(after stating the facts). The first ground relied upon for a reversal of the judgment is that the circuit court erred in refusing to dismiss the plaintiff’s cause of action for the reason that the justice’s court was without jurisdiction, and therefore the circuit court could not acquire jurisdiction on appeal. In making this contention, counsel relies upon § 6412 of Crawford & Moses’ Digest, and Little Rock Brick Works v. Hoyt, 87 Ark. 313, and cases cited. Section 6412 reads as follows:
“ Ordinary actions shall be commenced by summons,but, before summons is issued, the plaintiff shall file with the justice the account, or the written contract, or a short written statement of the facts on which the action is founded.”
We cannot agree with counsel in this contention. In the first place, our statute regulating the practice in justice ’s courts is for the benefit of the defendant, so that he *948may not be surprised, and to protect bim from a second suit on the same ground. The plaintiff is required to indicate the matter upon which the claim is founded. Jacks v. Nelson & Hanks, 34 Ark. 531. In the case at bar, the judgment against the defendant as well as the judgment against the garnishee shows that the cause of action was on an open account for $180. This was a short written statement of the facts, and each judgment reads, respectively, that the defendant and the garnishee were present in court and that evidence was heard in the case. The court had jurisdiction of the subject-matter of the action, and the parties, by entering their appearance to the proceedings, gave the court jurisdiction over their persons. The facts recited in the judgment entry show that they were not misled in preparing their defense. The judgment against the garnishee expressly shows that he appeared in^court and testified that he had a half of a bale of a cotton belonging to the defendant, worth $57. The judgment against the defendant shows that he appeared in court and that evidence was heard before judgment was rendered in favor of the plaintiff.

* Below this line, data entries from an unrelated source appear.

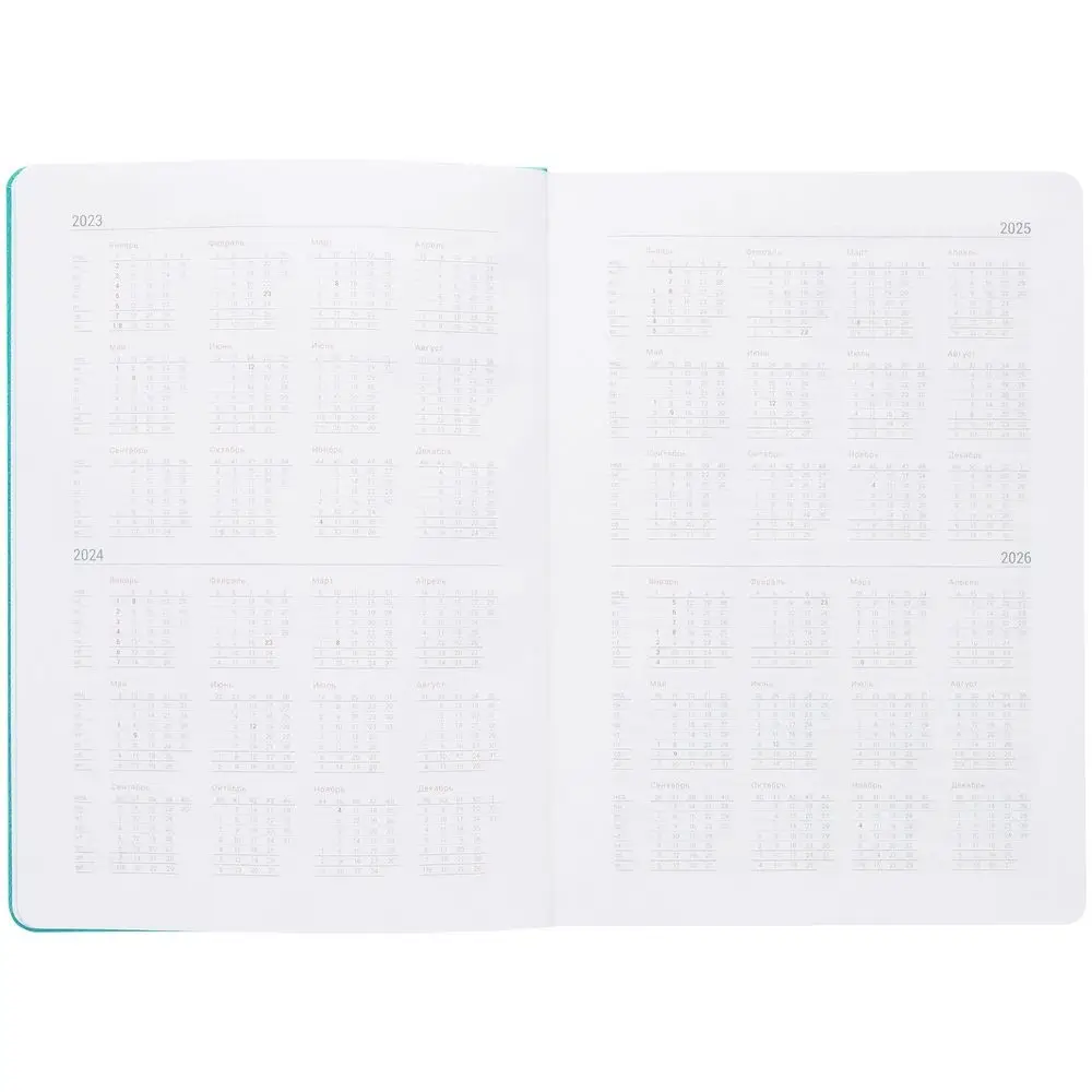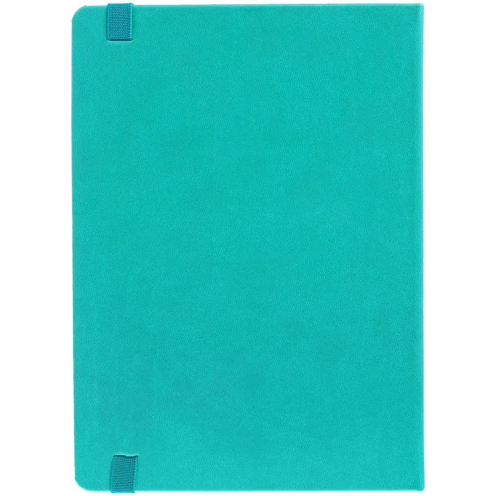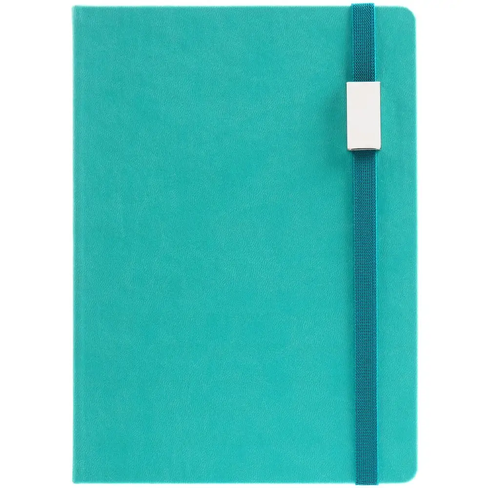 Ежедневник с твердой обложкой, выполнен из материала Latte, цвет морской волны II, обрез бирюзового цвета, дополнен ляссе бирюзового цвета и резинкой с металлическим шильдом.
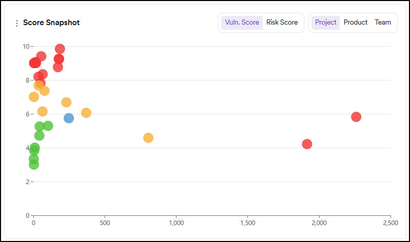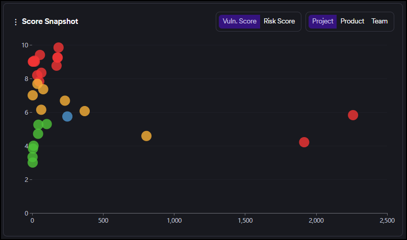 This graph shows the risk/vulnerability score (Y-axis) and the number of vulnerabilities (X-axis) of each project/team based on the risk score calculated by the number of new and recurrent vulnerabilities.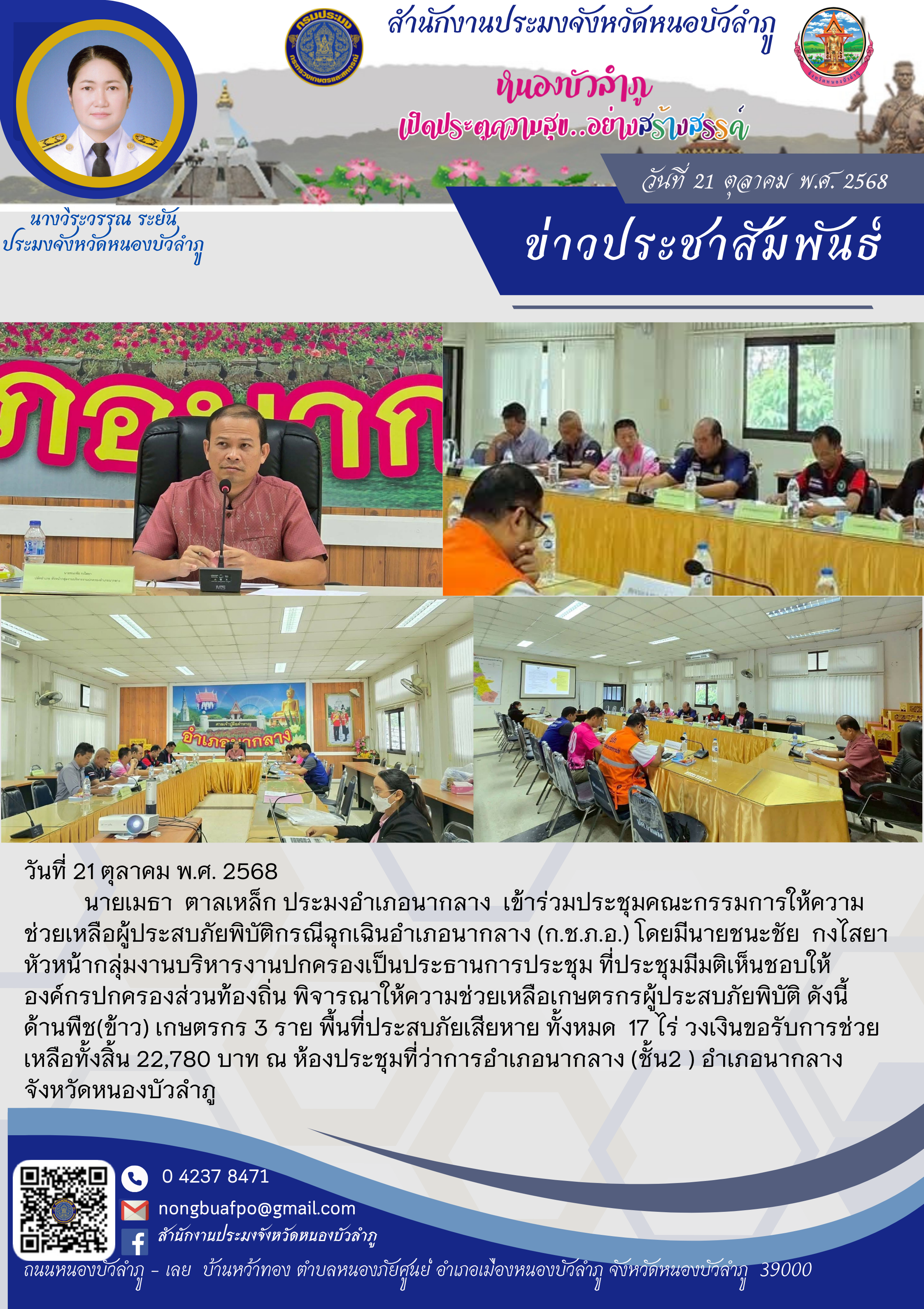 เข้าร่วมประชุมคณะกรรมการให้ความช่วยเหลือผู้ประสบภัยพิบัติกรณีฉุกเฉินอำเภอนากลาง (ก.ช.ภ.อ.)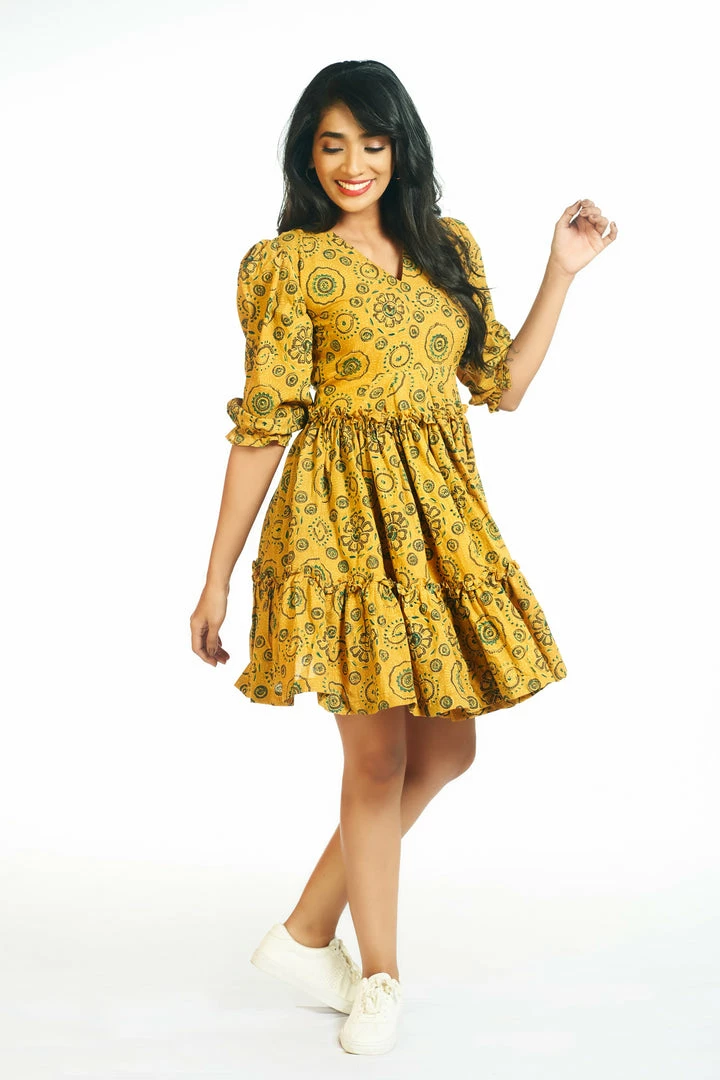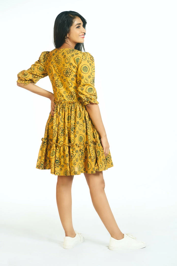 Crafted in Ajrakh cotton fabric and features a V neck and a puff 3/4th sleeves with a ruffle at the end. Pair this dress with a pair of heels and a sling bag to give it a perfect chic look

The Hoyt case has no application. There the suit was commenced by Hoyt against Arch Reddick and the Little Rock Brick Works upon an instrument in writing that was filed as the plaintiffs’ cause of action. It showed that Arch Reddick was in account with Hoyt, but did not show any account against the Little Rock Brick'Works. Judgment was rendered by default in the justice’s court against the Little Rock Brick Works. In the circuit court a motion to dismiss was sustained because no account, or short written statement of facts on which the account was founded, was filed in the justice’s court, as required by the statute, before the summons was issued. The case was dismissed because the statement of facts filed contained no reference ,whatever to any claim against the Little Rock Brick Works, and it did not enter its appearance in the action. Actions may be commenced either by summons or by the voluntary appearance of the parties. Here the parties appeared in court and *949contested the claim of the plaintiff, and the circuit court properly overruled their motion to dismiss the appeal.
The alleged defect in the issuance of the summons before filing the account or a short written statement of facts was waived by going to trial and judgment without at any stage of the cause bringing the matter to the attention of the justice.
It is also insisted that the .judgment should be reversed on account of surprise at the testimony of the plaintiff to the effect that John Williams had made a payment on the account sued on, which prevented the statute of limitations from running. Cato Austin admitted that he did not pay the account, and testified that John Williams was jointly liable with him on it. Hemp-hill having sued him on the account, he was put upon notice that Hemphill claimed that the account had not been paid, and it was his duty to have had John Williams present at the trial as a witness if he wished to contest the account. The matter, under the circumstances, was in the discretion of the court, and the court did not abuse its discretion. Augusta Cooperage Co. v. Plant, 163 Ark. 49, and cases cited.
No other grounds are relied upon for a reversal of the judgment, and it will therefore be affirmed.